Your copy should match the entries exactly, except that it holds no pictures.

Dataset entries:
*****
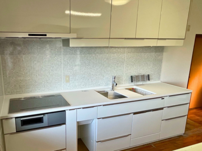 以前のキッチンは造作が見事なダークブラウンのキッチンでしたが、経年劣化のためタカラスタンダードのレミューにリフォームしました
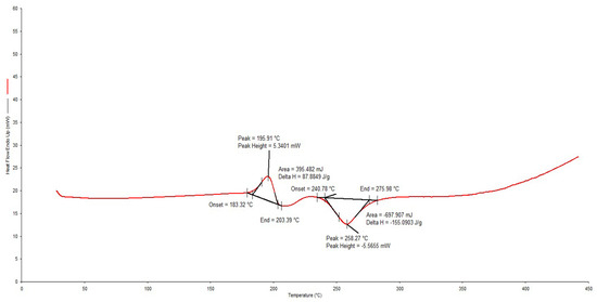 The DSC thermogram for RIF depicted in Figure 4 reveals a melting endotherm between 183.32–203.39 °C, immediately followed by an exothermic recrystallization event, which is characteristic of a solid–liquid–solid transition and finally a decomposition event at 240.78–275.58 °C. These results are similar to previously reported data [38].
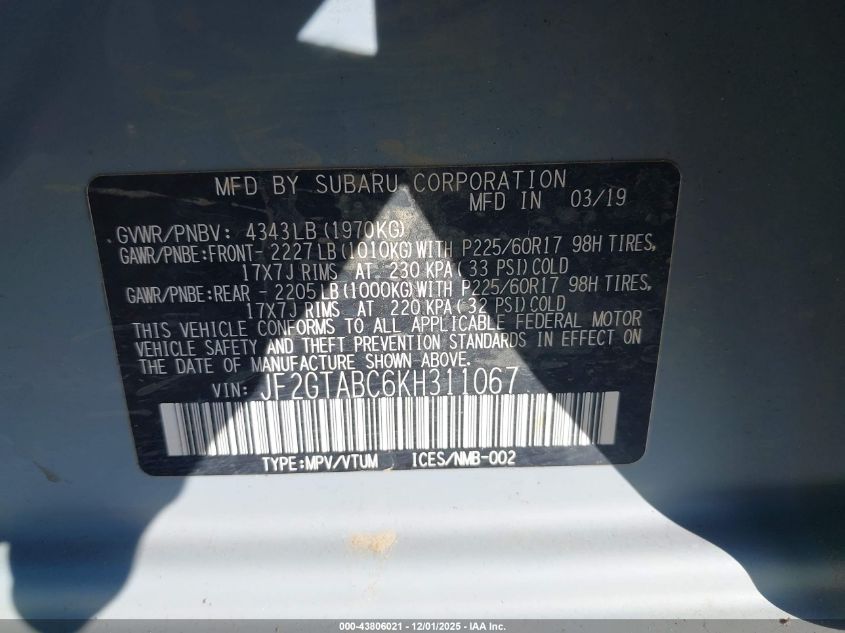 2019 SUBARU CROSSTREK 2019 року Бензин, 2.0, Полный привод, vin - JF2GTABC6KH311067 из США
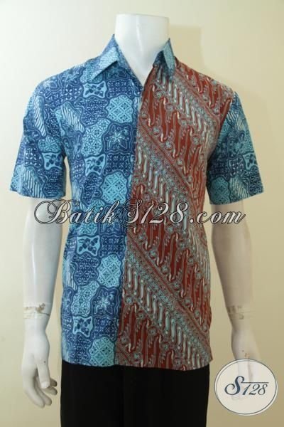 Jual Baju Batik Lengan Pendek Paling Populer Saat Ini, Hem Batik Dua Motif Dan Warna Trend Mode 2015, Baju Batik Anak Muda Tampil Gaul Dan Modis [LD3980CT-M]
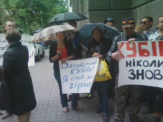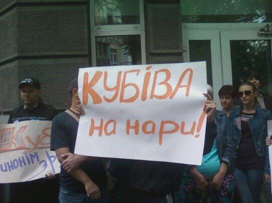 Люди держат в руках плакаты: «Требуем всесторонней проверки», «Спасибо, господин Кубив! Я стал жить хуже», «Кубива на нары», «Кубив, от люстрации не убежишь», «Кубив – услышь голос Майдана», «Не умеешь, не берись», «Доллар – 12? Спасибо, Степан».
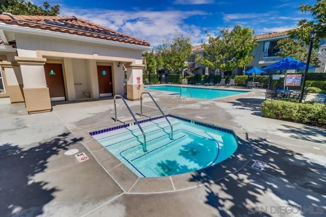 This stylish 2 bedroom, 2 bath condominium is located in the much sought-after Palo Alto community of Sabre Springs. The desirable ground level corner unit offers a premium location with an open concept layout, distressed plank hardwood floors, new carpeting, custom plantation shutters, ceiling fans, a cozy fireplace, and abundant natural light. Enjoy a spacious private patio, covered parking, and plenty of guest parking. The resort style complex features lushly landscaped grounds, a sparkling pool, spa, and fitness center. Ideally situated near top-rated schools, shopping, dining, parks, entertainment and all that San Diego has to offer. This is not to be missed!
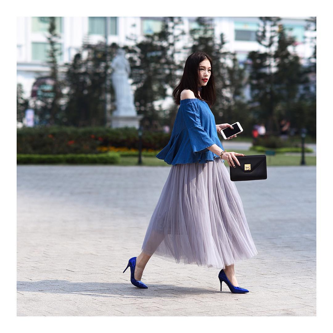 Là hotgirl đình đám ghi điểm với gout thời trang biến hóa đa dạng, Linh Rin chẳng khác gì một fashionista chính hiệu. Linh hoạt trong cách chọn màu, hai sắc xanh - tím đậm nhạt khác nhau nhưng lại khéo léo hòa quyện trong cùng một set đồ khiến cả tổng thể nổi bần bật.
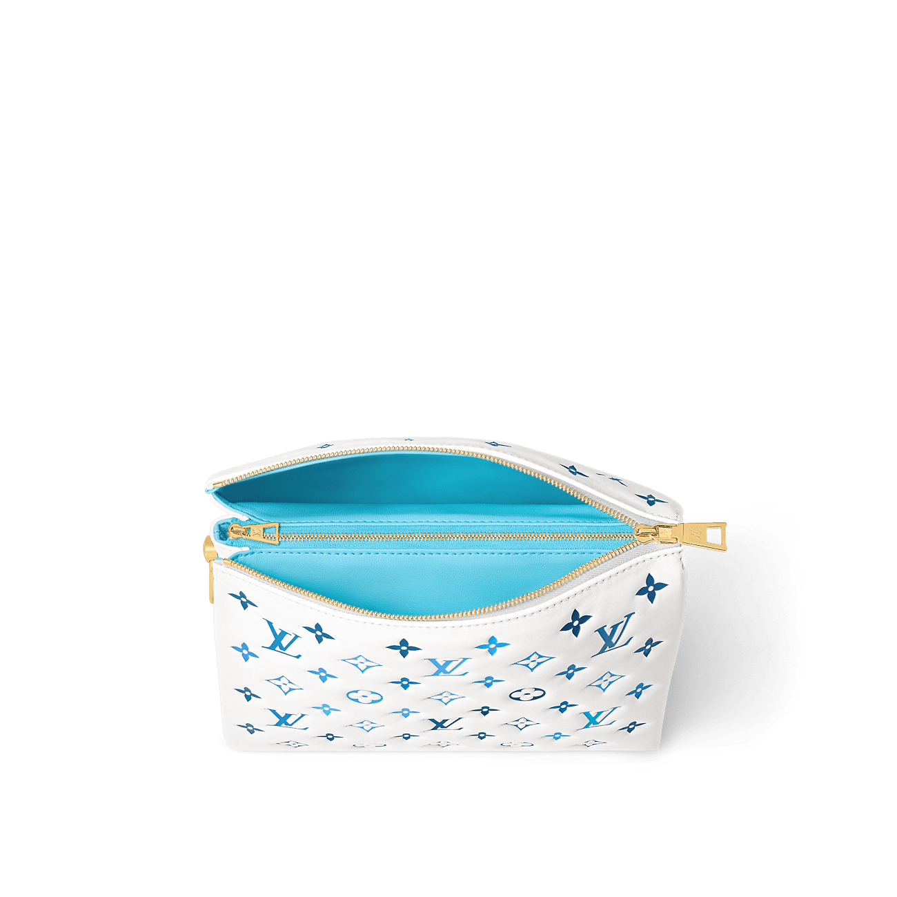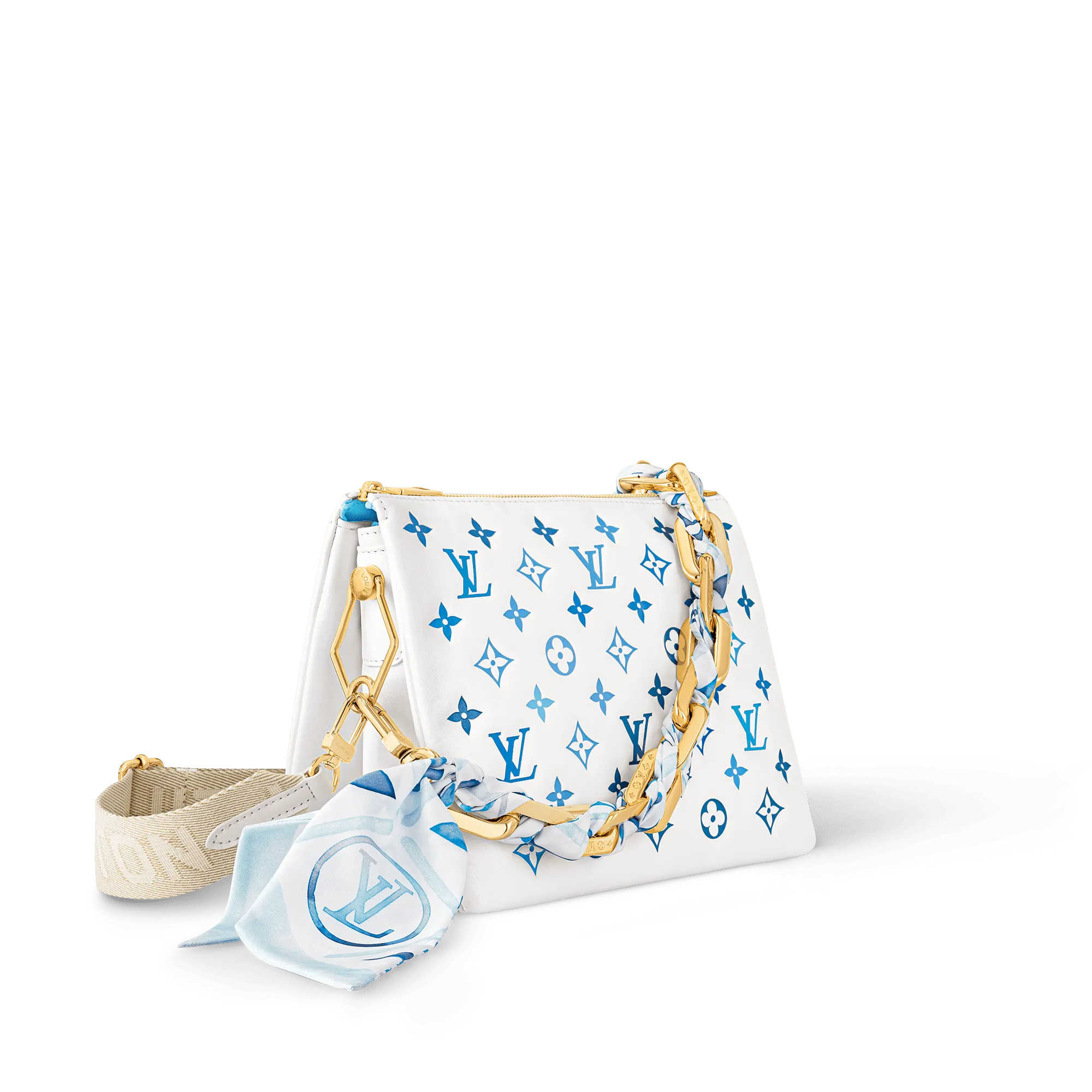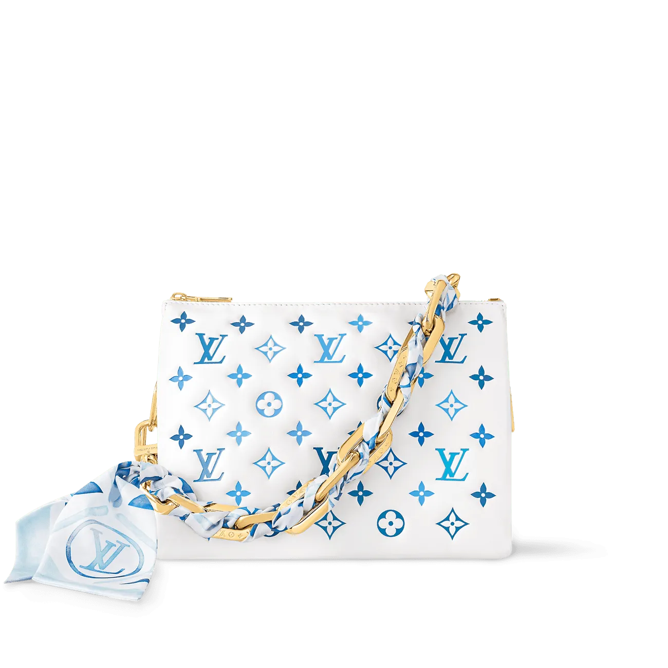 Get 45% off the Louis Vuitton M11225 Coussin PM from clutchestrends outlet (code: EXTRA45) with free worldwide shipping. As part of the LV By The Pool Collection the Coussin PM is made from puffy lambskin with Monogram embossing and a watercolor-style Monogram print. The braided chain plays with the same colorway. It also has a two-sided wide removable and adjustable strap. The interior is composed of two compartments separated by a zipped pocket. Louis Vuitton M11225 Coussin PM details:
*****
# Exercise response
 以前のキッチンは造作が見事なダークブラウンのキッチンでしたが、経年劣化のためタカラスタンダードのレミューにリフォームしました
 The DSC thermogram for RIF depicted in Figure 4 reveals a melting endotherm between 183.32–203.39 °C, immediately followed by an exothermic recrystallization event, which is characteristic of a solid–liquid–solid transition and finally a decomposition event at 240.78–275.58 °C. These results are similar to previously reported data [38].
 2019 SUBARU CROSSTREK 2019 року Бензин, 2.0, Полный привод, vin - JF2GTABC6KH311067 из США
 Jual Baju Batik Lengan Pendek Paling Populer Saat Ini, Hem Batik Dua Motif Dan Warna Trend Mode 2015, Baju Batik Anak Muda Tampil Gaul Dan Modis [LD3980CT-M]
 Люди держат в руках плакаты: «Требуем всесторонней проверки», «Спасибо, господин Кубив! Я стал жить хуже», «Кубива на нары», «Кубив, от люстрации не убежишь», «Кубив – услышь голос Майдана», «Не умеешь, не берись», «Доллар – 12? Спасибо, Степан».
 This stylish 2 bedroom, 2 bath condominium is located in the much sought-after Palo Alto community of Sabre Springs. The desirable ground level corner unit offers a premium location with an open concept layout, distressed plank hardwood floors, new carpeting, custom plantation shutters, ceiling fans, a cozy fireplace, and abundant natural light. Enjoy a spacious private patio, covered parking, and plenty of guest parking. The resort style complex features lushly landscaped grounds, a sparkling pool, spa, and fitness center. Ideally situated near top-rated schools, shopping, dining, parks, entertainment and all that San Diego has to offer. This is not to be missed!
 Là hotgirl đình đám ghi điểm với gout thời trang biến hóa đa dạng, Linh Rin chẳng khác gì một fashionista chính hiệu. Linh hoạt trong cách chọn màu, hai sắc xanh - tím đậm nhạt khác nhau nhưng lại khéo léo hòa quyện trong cùng một set đồ khiến cả tổng thể nổi bần bật.
 Get 45% off the Louis Vuitton M11225 Coussin PM from clutchestrends outlet (code: EXTRA45) with free worldwide shipping. As part of the LV By The Pool Collection the Coussin PM is made from puffy lambskin with Monogram embossing and a watercolor-style Monogram print. The braided chain plays with the same colorway. It also has a two-sided wide removable and adjustable strap. The interior is composed of two compartments separated by a zipped pocket. Louis Vuitton M11225 Coussin PM details:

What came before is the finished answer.